L’altro candidato non è il male oscuro di questa città. È circondato anche da persone perbene. Penso ad Amedeo Sorrentino e Rosario Cascone, cui mi lega una profonda e sincera amicizia: uomini e professionisti dai trascorsi cristallini. A loro – e al gruppo che hanno allestito – fa compagnia Antonio Mainardi, che ho visto crescere politicamente e a cui, sorridendo, attribuisco la malizia di indicare il nome del padre alla voce detto sulla lista elettorale. Ci può stare. Poco.

Temo ciò che avverto ma non vedo. Gli autori degli attacchi informatici; i falsi profili facebook; coloro che si esercitano rovistando nella vita degli altri per delegittimarne l’azione politica; gli imprenditori che si organizzano per garantirsi una rappresentanza consiliare, alla vigilia di privatizzazioni cui potrebbero essere interessati, fino ad auspicarle e suggerirle; il modello “Scafati”, emerso dalla cronaca giudiziaria; l’incapacità di resistere alle sollecitazioni.

Ho paura di ciò di cui non si parla per ignoranza o timore. Di cosa siamo diventati. Non sono tranquillo, perché non ho capito cosa ha indotto un astro nascente della politica locale a un gesto estremo.

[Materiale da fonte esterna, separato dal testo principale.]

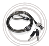
Lenovo™ Kensington® MicroSaver® DS Cable Lock Reduce Thieves, Easy to Install

Perché non si scrive della proprietà delle MCM con la frequenza che merita. Perché non è chiaro il futuro dell’area mercatale, del cimitero e della Angriecoservizi. Non temo l’altro candidato, ma l’ombra lunga che potrebbe sovrastarlo, calando il buio su una città alla deriva.

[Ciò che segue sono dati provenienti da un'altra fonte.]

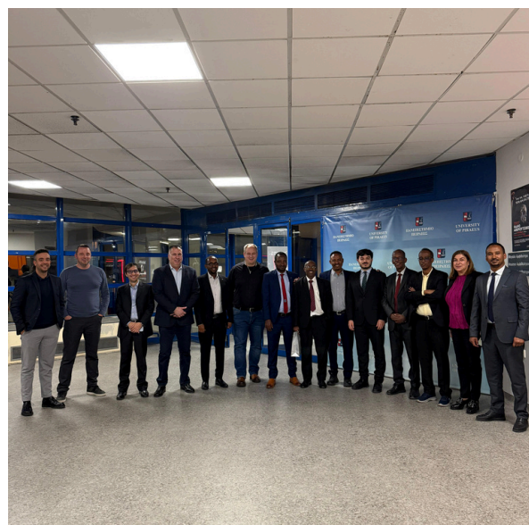
KOM in Greece

All’oscurità ci si prepara. Comunque vada, lunedì, avremo un sindaco. Chiunque sia dei due, non lasciamolo solo e auguriamoci che l’altro recuperi la serenità per partecipare da protagonista alla pacificazione sociale: condizione necessaria a mettere insieme una comunità dilaniata, incapace di arginare possibili contaminazioni, non solo culturali e gestionali, che, con le esternalizzazioni, potrebbero ridurci, in casa nostra, a inquilini indesiderati, da spremere come agrumi.